▸ Task: Images excluded, return every record exactly as it reads.

▸ Given data:
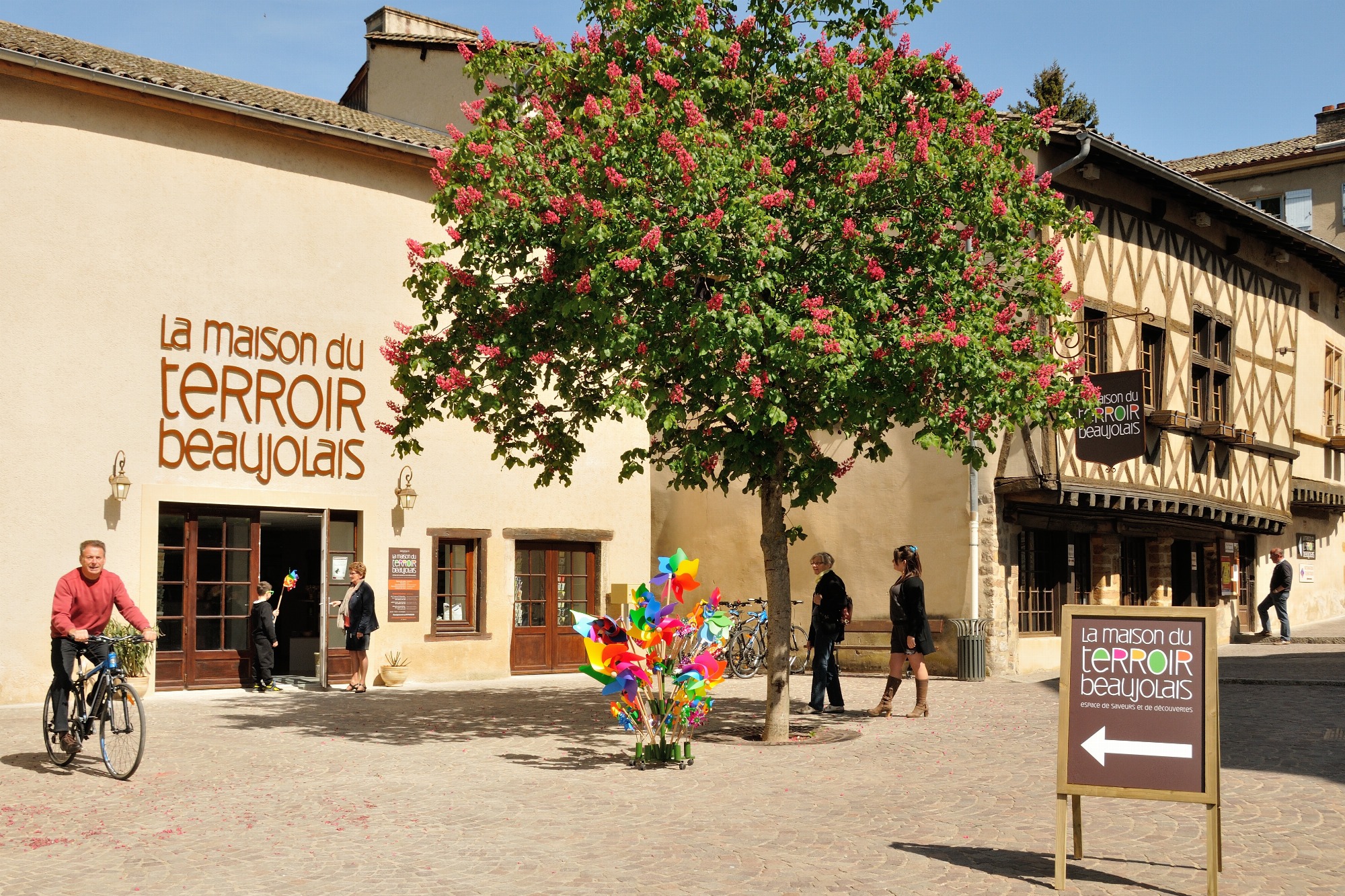 Face à l’église, cette maison à encorbellement des XIVe et XVIe siècles vous transporte immédiatement dans l’atmosphère singulière du Beaujolais. Sa cour intérieure aux galeries de bois invite à ralentir, lever les yeux et ressentir l’histoire qui habite les lieux.
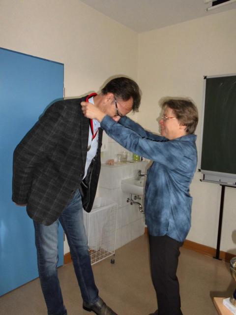 Abgerundet wurde diese Überraschungs-Ehrung mit einer Kaffeetafel, den leckeren Kuchen hatten die beiden Andreas (die dienstälteste Koordinatorin und die Chefsekretärin) gebacken. In dieser gemütlichen Runde fanden die beiden Geehrten, die zunächst sprachlos waren, auch ihre Worte wieder.
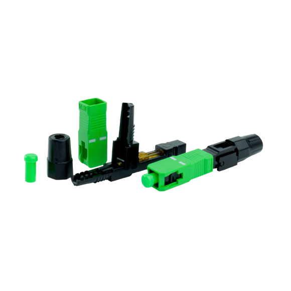 Conector de engate rápido de campo reutilizável do tipo SC/APC ROSCA, utilizado para conectar a ponta do cabo DROP a um sistema óptico compatível com conectores do tipo SC/APC.
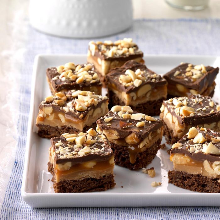 When my husband and our three sons sit down to dinner, they ask, "What's for dessert?" I have a happy group of guys when I report that these rich bars are on the menu. They're chockfull of yummy ingredients. —Lee Ann Karnowski, Stevens Point, Wisconsin
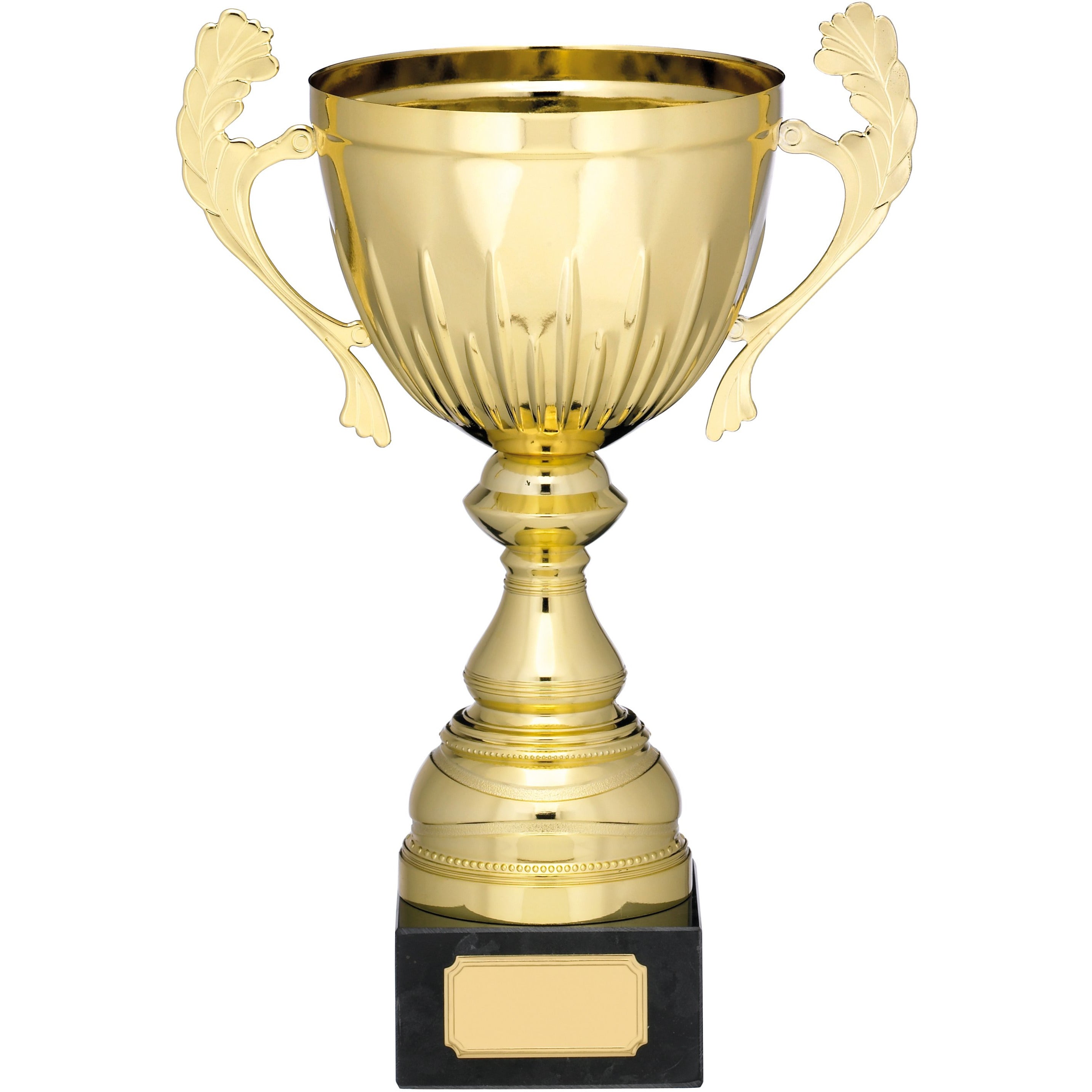 Gold Cup Trophy With Handles. Available with engraving of your choice. This personalised trophy is suitable for a range of events and presentations.
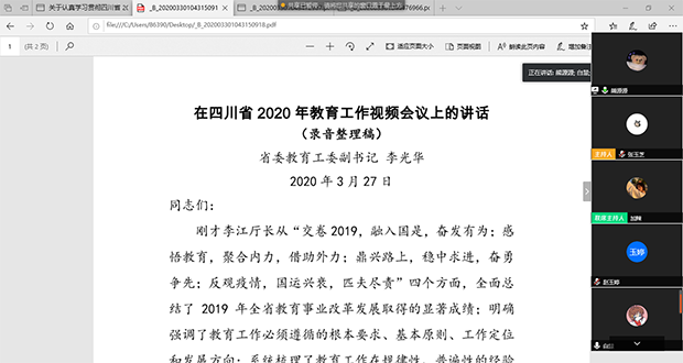 “抓好疫情防控不放松,抓好各项重要工作不懈怠”要求,为认真学习杨兴平同志、李江同志、李光华同志在四川省 2020 年教育工作视频会议上的讲话,贯彻会议精神。202043日晚上八点,研19级环境三班党支部于腾讯会议开展网上党日活动,会议由研19级环境三班党支部罗唯叶同志、熊源源同志共同组织。
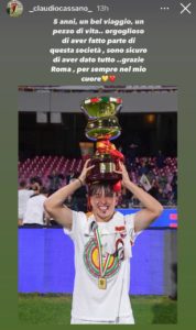 Dopo il trasferimento di Claudio Cassano al Cittadella, il giovane talento del settore giovanile giallorosso ha postato una storia su Instagram in cui ringrazia la Roma. “5 anni, un bel viaggio, un pezzo di vita. Orgoglioso di aver fatto parte di questa società . Sono sicuro di aver dato tutto. Grazie Roma, per sempre nel mio cuore”, il messaggio del giovane attaccante per i colori con cui è entrato nel mondo del calcio.
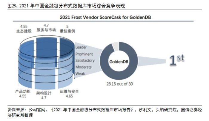 竞争格局方面,国信证券马成龙等人3月10日研报指出,根据沙利文联合头豹研究院发布的《2021年中国金融级分布式数据库市场报告》,中兴通讯旗下金篆信科GoldenDB以总分28.15的优异成绩位居中国金融级分布式数据库第一位置,这是GoldenDB继获得2020年中国金融级分布式数据库第一之后再获殊荣,蝉联国产分布式数据库金融行业第一位置。
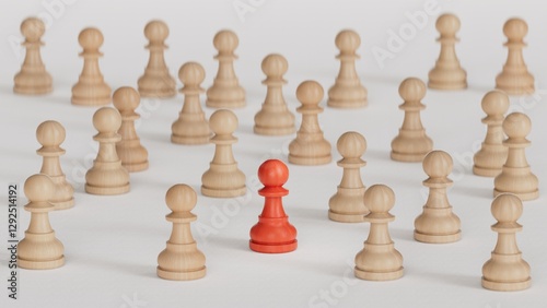 Leadership concept, red pawn of chess, standing out from the crowd of pawns.Leadership with business success concept. Made and rendered in C4D, not AI.
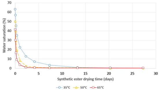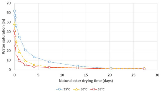 Taking into account the above, Figure 5, Figure 6 and Figure 7 show the changes in relative saturation of the insulating liquids during the drying process. The relative saturation of the insulating liquids was calculated based on the results of the water content in the liquids during their drying. These results were referred to the water saturation limit in mineral oil, natural ester and synthetic ester. The limit values of water saturation used for the calculations are presented in Table 3. These values were calculated on the basis of data contained in paper [4].
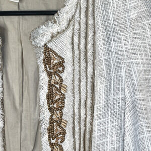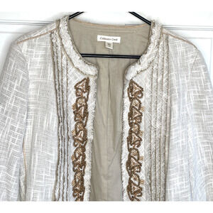 Coldwater Creek Women's Beaded Open Jacket Size 14 Cotton Linen Blazer Coastal
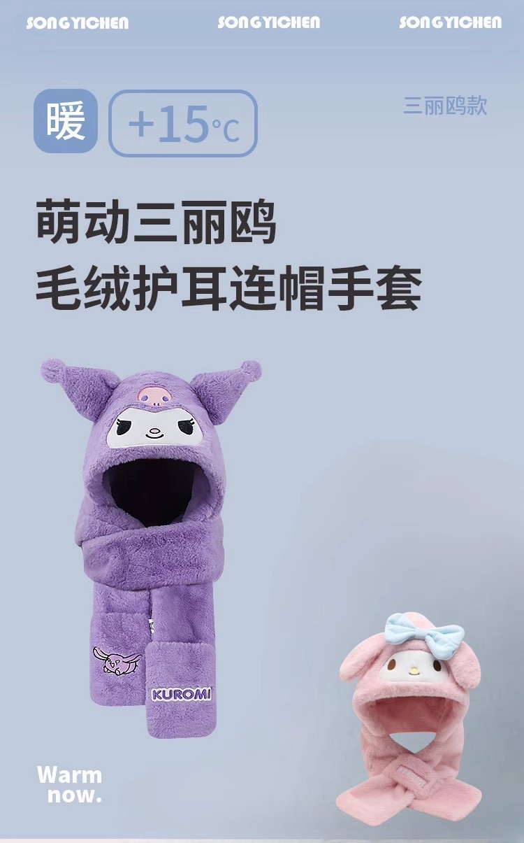 | 颜色 | 库洛米【帽子+围巾-毛绒保暖二件套】, 美乐蒂【帽子+围巾-毛绒保暖二件套】, 玉桂狗【帽子+围巾-毛绒保暖二件套】, 库洛米【帽子+围巾+手套-毛绒保暖三件套】, 美乐蒂【帽子+围巾+手套-毛绒保暖三件套】, 玉桂狗【帽子+围巾+手套-毛绒保暖三件套】 | 尺码 | S【适合3到12岁】 |
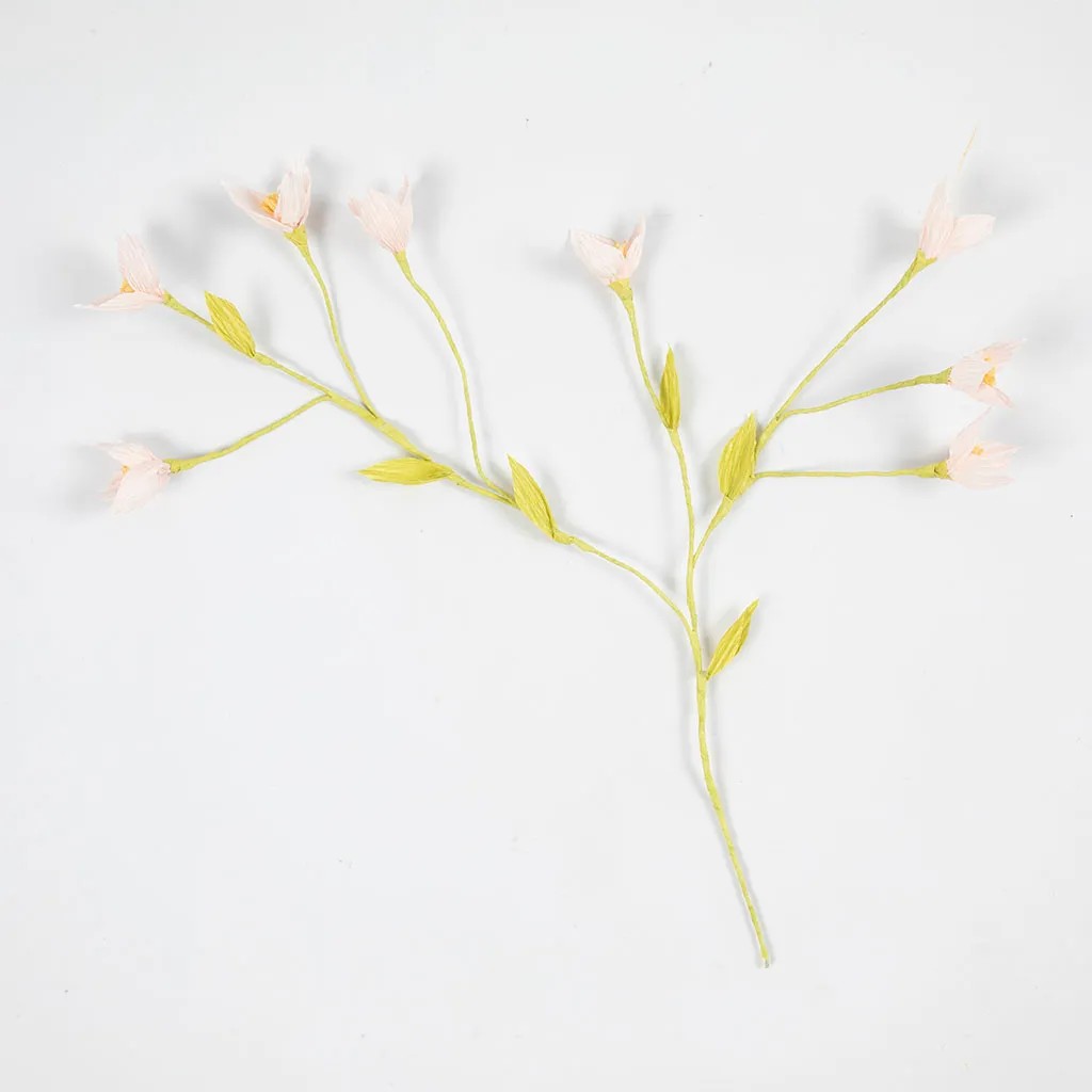 Maak je eigen kersentak van crêpepapier. Druk het sjabloon af, knip de onderdelen uit en knip alle stukjes het crêpepapier. Maak voor elke tak acht bloemen en voor elke bloem drie blaadjes. Maak ook zes kleine blaadjes om tussen de bloemen te decoreren. Plak tot slot bloemen en blaadjes op bloemenprikkers en bedek ze met crêpepapier – gebruik hiervoor een lijmpistool of Multi Glue. Bij Multi Glue is de droogtijd ongeveer ½ – 1 uur per stap.
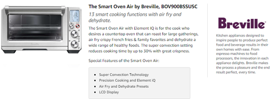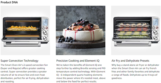- The Breville Smart Oven Air with Element iQ System is a versatile countertop oven allowing you to roast, air fry and dehydrate; Use super convection to reduce cooking time by up to 30% and choose from 13 cooking functions; Includes an interior oven light.Temperature : 80-480 °F
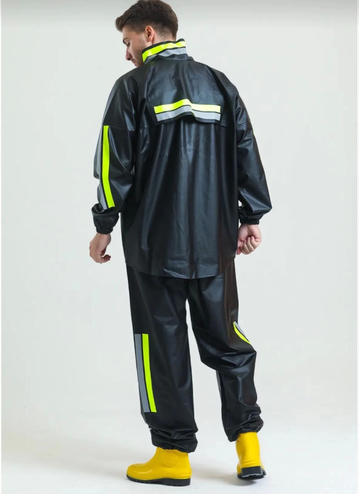 Premium Motorcu Kurye Yağmurluk Takım Su Geçirmez PVC Kumaş Reflektörlü TÜBİTAK Onaylı - Siyah
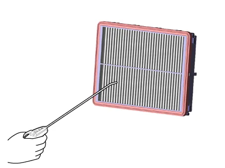 If the air cleaner element needs to be cleaned, blow compressed air as shown in the illustration to clean it.
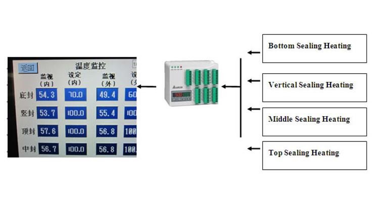 Температура каждого блока нагрева контролируется ПЛК, благодаря чему обеспечивается точность и стабильность температурных режимов. Параметры нагрева удобно регулируются при помощи сенсорного экрана.
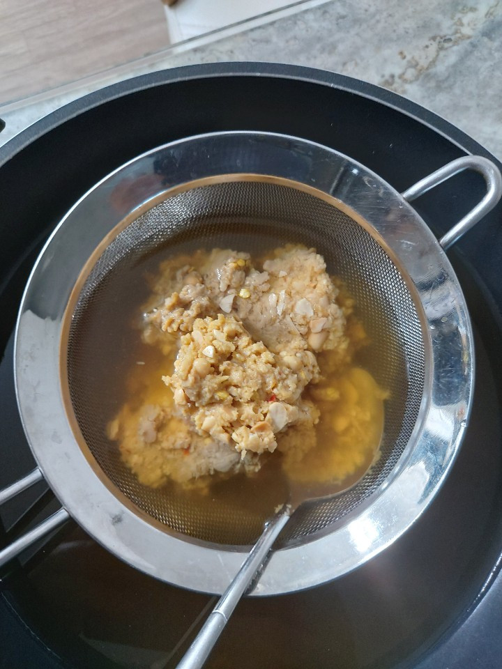 만들어 놓은 멸치 육수에 된장 3 큰술을 넣어준다. 이때 된장은 체에 걸러준다.
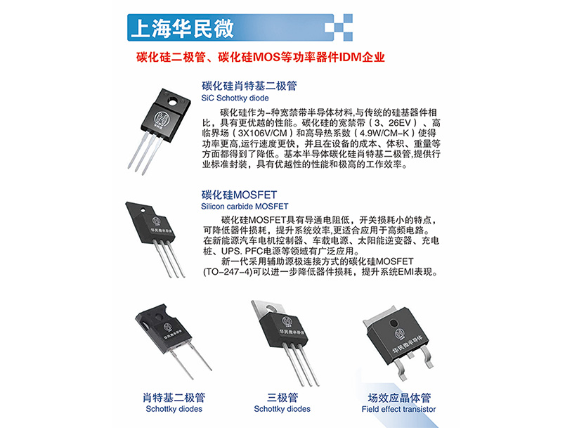华民微的碳化硅肖特基二极管、碳化硅MOS等功率器件 ,碳化硅肖特基二极管提供行业标准封装,具有优越的性能和极高的工作效率。碳化硅MOS可以进一步降低器件损耗,提高系统EMI表现。
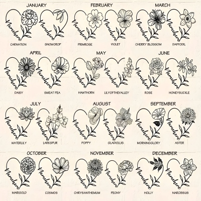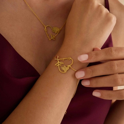 | Estilo | Pulsera personalizada con forma de corazón, flor de nacimiento y piedra de nacimiento, con nombre |
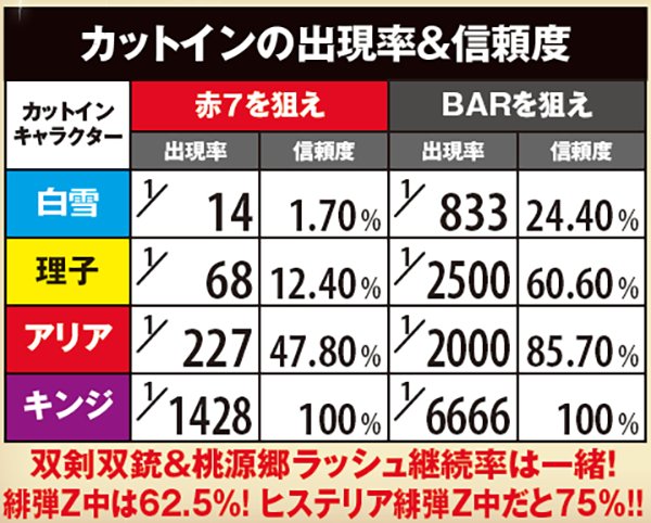 赤7とBARどちらでもキンジなら絵柄揃い確定。BARカットインは出現率自体が低く、白雪であっても出現すれば4回に1回程度の割合で桃源郷ラッシュへ繋がる。なお、ヒステリア緋弾ゾーンはいずれかの特化ゾーン突入が確定する。

▸ Answer for the task:
 Face à l’église, cette maison à encorbellement des XIVe et XVIe siècles vous transporte immédiatement dans l’atmosphère singulière du Beaujolais. Sa cour intérieure aux galeries de bois invite à ralentir, lever les yeux et ressentir l’histoire qui habite les lieux.
 Abgerundet wurde diese Überraschungs-Ehrung mit einer Kaffeetafel, den leckeren Kuchen hatten die beiden Andreas (die dienstälteste Koordinatorin und die Chefsekretärin) gebacken. In dieser gemütlichen Runde fanden die beiden Geehrten, die zunächst sprachlos waren, auch ihre Worte wieder.
 Conector de engate rápido de campo reutilizável do tipo SC/APC ROSCA, utilizado para conectar a ponta do cabo DROP a um sistema óptico compatível com conectores do tipo SC/APC.
 When my husband and our three sons sit down to dinner, they ask, "What's for dessert?" I have a happy group of guys when I report that these rich bars are on the menu. They're chockfull of yummy ingredients. —Lee Ann Karnowski, Stevens Point, Wisconsin
 Gold Cup Trophy With Handles. Available with engraving of your choice. This personalised trophy is suitable for a range of events and presentations.
 “抓好疫情防控不放松,抓好各项重要工作不懈怠”要求,为认真学习杨兴平同志、李江同志、李光华同志在四川省 2020 年教育工作视频会议上的讲话,贯彻会议精神。202043日晚上八点,研19级环境三班党支部于腾讯会议开展网上党日活动,会议由研19级环境三班党支部罗唯叶同志、熊源源同志共同组织。
 Dopo il trasferimento di Claudio Cassano al Cittadella, il giovane talento del settore giovanile giallorosso ha postato una storia su Instagram in cui ringrazia la Roma. “5 anni, un bel viaggio, un pezzo di vita. Orgoglioso di aver fatto parte di questa società . Sono sicuro di aver dato tutto. Grazie Roma, per sempre nel mio cuore”, il messaggio del giovane attaccante per i colori con cui è entrato nel mondo del calcio.
 竞争格局方面,国信证券马成龙等人3月10日研报指出,根据沙利文联合头豹研究院发布的《2021年中国金融级分布式数据库市场报告》,中兴通讯旗下金篆信科GoldenDB以总分28.15的优异成绩位居中国金融级分布式数据库第一位置,这是GoldenDB继获得2020年中国金融级分布式数据库第一之后再获殊荣,蝉联国产分布式数据库金融行业第一位置。
 Leadership concept, red pawn of chess, standing out from the crowd of pawns.Leadership with business success concept. Made and rendered in C4D, not AI.
 Taking into account the above, Figure 5, Figure 6 and Figure 7 show the changes in relative saturation of the insulating liquids during the drying process. The relative saturation of the insulating liquids was calculated based on the results of the water content in the liquids during their drying. These results were referred to the water saturation limit in mineral oil, natural ester and synthetic ester. The limit values of water saturation used for the calculations are presented in Table 3. These values were calculated on the basis of data contained in paper [4].
 Coldwater Creek Women's Beaded Open Jacket Size 14 Cotton Linen Blazer Coastal
 | 颜色 | 库洛米【帽子+围巾-毛绒保暖二件套】, 美乐蒂【帽子+围巾-毛绒保暖二件套】, 玉桂狗【帽子+围巾-毛绒保暖二件套】, 库洛米【帽子+围巾+手套-毛绒保暖三件套】, 美乐蒂【帽子+围巾+手套-毛绒保暖三件套】, 玉桂狗【帽子+围巾+手套-毛绒保暖三件套】 | 尺码 | S【适合3到12岁】 |
 Maak je eigen kersentak van crêpepapier. Druk het sjabloon af, knip de onderdelen uit en knip alle stukjes het crêpepapier. Maak voor elke tak acht bloemen en voor elke bloem drie blaadjes. Maak ook zes kleine blaadjes om tussen de bloemen te decoreren. Plak tot slot bloemen en blaadjes op bloemenprikkers en bedek ze met crêpepapier – gebruik hiervoor een lijmpistool of Multi Glue. Bij Multi Glue is de droogtijd ongeveer ½ – 1 uur per stap.
- The Breville Smart Oven Air with Element iQ System is a versatile countertop oven allowing you to roast, air fry and dehydrate; Use super convection to reduce cooking time by up to 30% and choose from 13 cooking functions; Includes an interior oven light.Temperature : 80-480 °F
 Premium Motorcu Kurye Yağmurluk Takım Su Geçirmez PVC Kumaş Reflektörlü TÜBİTAK Onaylı - Siyah
 If the air cleaner element needs to be cleaned, blow compressed air as shown in the illustration to clean it.
 Температура каждого блока нагрева контролируется ПЛК, благодаря чему обеспечивается точность и стабильность температурных режимов. Параметры нагрева удобно регулируются при помощи сенсорного экрана.
 만들어 놓은 멸치 육수에 된장 3 큰술을 넣어준다. 이때 된장은 체에 걸러준다.
华民微的碳化硅肖特基二极管、碳化硅MOS等功率器件 ,碳化硅肖特基二极管提供行业标准封装,具有优越的性能和极高的工作效率。碳化硅MOS可以进一步降低器件损耗,提高系统EMI表现。
 | Estilo | Pulsera personalizada con forma de corazón, flor de nacimiento y piedra de nacimiento, con nombre |
 赤7とBARどちらでもキンジなら絵柄揃い確定。BARカットインは出現率自体が低く、白雪であっても出現すれば4回に1回程度の割合で桃源郷ラッシュへ繋がる。なお、ヒステリア緋弾ゾーンはいずれかの特化ゾーン突入が確定する。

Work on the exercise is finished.